Obviously sticking important buffers and other frequently used data here can definitely reduce demands on the memory interface, which should help Microsoft get by with only having ~68GB/s of system memory bandwidth. Microsoft has claimed publicly that actual bandwidth to the eSRAM is somewhere in the 140 - 150GB/s range, which is likely equal to the effective memory bandwidth (after overhead/efficiency losses) to the PS4’s GDDR5 memory interface. The difference being that you only get that bandwidth to your most frequently used data on the Xbox One. It’s still not clear to me what effective memory bandwidth looks like on the Xbox One, I suspect it’s still a bit lower than on the PS4, but after talking with Ryan Smith (AT’s Senior GPU Editor) I’m now wondering if memory bandwidth isn’t really the issue here.

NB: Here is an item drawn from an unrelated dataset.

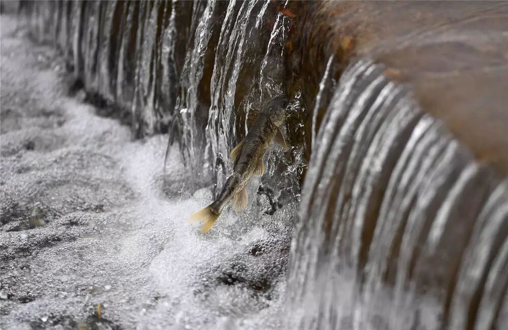 2019年7月6日,在青海省刚察县沙柳河里,一条湟鱼在洄游。新华社记者张宏祥摄

| Microsoft Xbox One vs. Sony PlayStation 4 Spec comparison | ||||||||||||||
| Xbox 360 | Xbox One | PlayStation 4 | ||||||||||||
| CPU Cores/Threads | 3/6 | 8/8 | 8/8 | |||||||||||
| CPU Frequency | 3.2GHz | 1.75GHz | 1.6GHz | |||||||||||
| CPU µArch | IBM PowerPC | AMD Jaguar | AMD Jaguar | |||||||||||
| Shared L2 Cache | 1MB | 2 x 2MB | 2 x 2MB | |||||||||||
| GPU Cores | 768 | 1152 | ||||||||||||
| GCN Geometry Engines | 2 | 2 | ||||||||||||
| GCN ROPs | 16 | 32 | ||||||||||||
| GPU Frequency | 853MHz | 800MHz | ||||||||||||
| Peak Shader Throughput | 0.24 TFLOPS | 1.31 TFLOPS | 1.84 TFLOPS | |||||||||||
| Embedded Memory | 10MB eDRAM | 32MB eSRAM | - | |||||||||||
| Embedded Memory Bandwidth | 32GB/s | 102GB/s bi-directional (204GB/s total) | - | |||||||||||
| System Memory | 512MB 1400MHz GDDR3 | 8GB 2133MHz DDR3 | 8GB 5500MHz GDDR5 | |||||||||||
| System Memory Bus | 128-bits | 256-bits | 256-bits | |||||||||||
| System Memory Bandwidth | 22.4 GB/s | 68.3 GB/s | 176.0 GB/s | |||||||||||
| Manufacturing Process | 28nm | 28nm | ||||||||||||
In order to accommodate the eSRAM on die Microsoft not only had to move to a 12 CU GPU configuration, but it’s also only down to 16 ROPs (half of that of the PS4). The ROPs (render outputs/raster operations pipes) are responsible for final pixel output, and at the resolutions these consoles are targeting having 16 ROPs definitely puts the Xbox One as the odd man out in comparison to PC GPUs. Typically AMD’s GPU targeting 1080p come with 32 ROPs, which is where the PS4 is, but the Xbox One ships with half that. The difference in raw shader performance (12 CUs vs 18 CUs) can definitely creep up in games that run more complex lighting routines and other long shader programs on each pixel, but all of the more recent reports of resolution differences between Xbox One and PS4 games at launch are likely the result of being ROP bound on the One. This is probably why Microsoft claimed it saw a bigger increase in realized performance from increasing the GPU clock from 800MHz to 853MHz vs. adding two extra CUs. The ROPs operate at GPU clock, so an increase in GPU clock in a ROP bound scenario would increase performance more than adding more compute hardware.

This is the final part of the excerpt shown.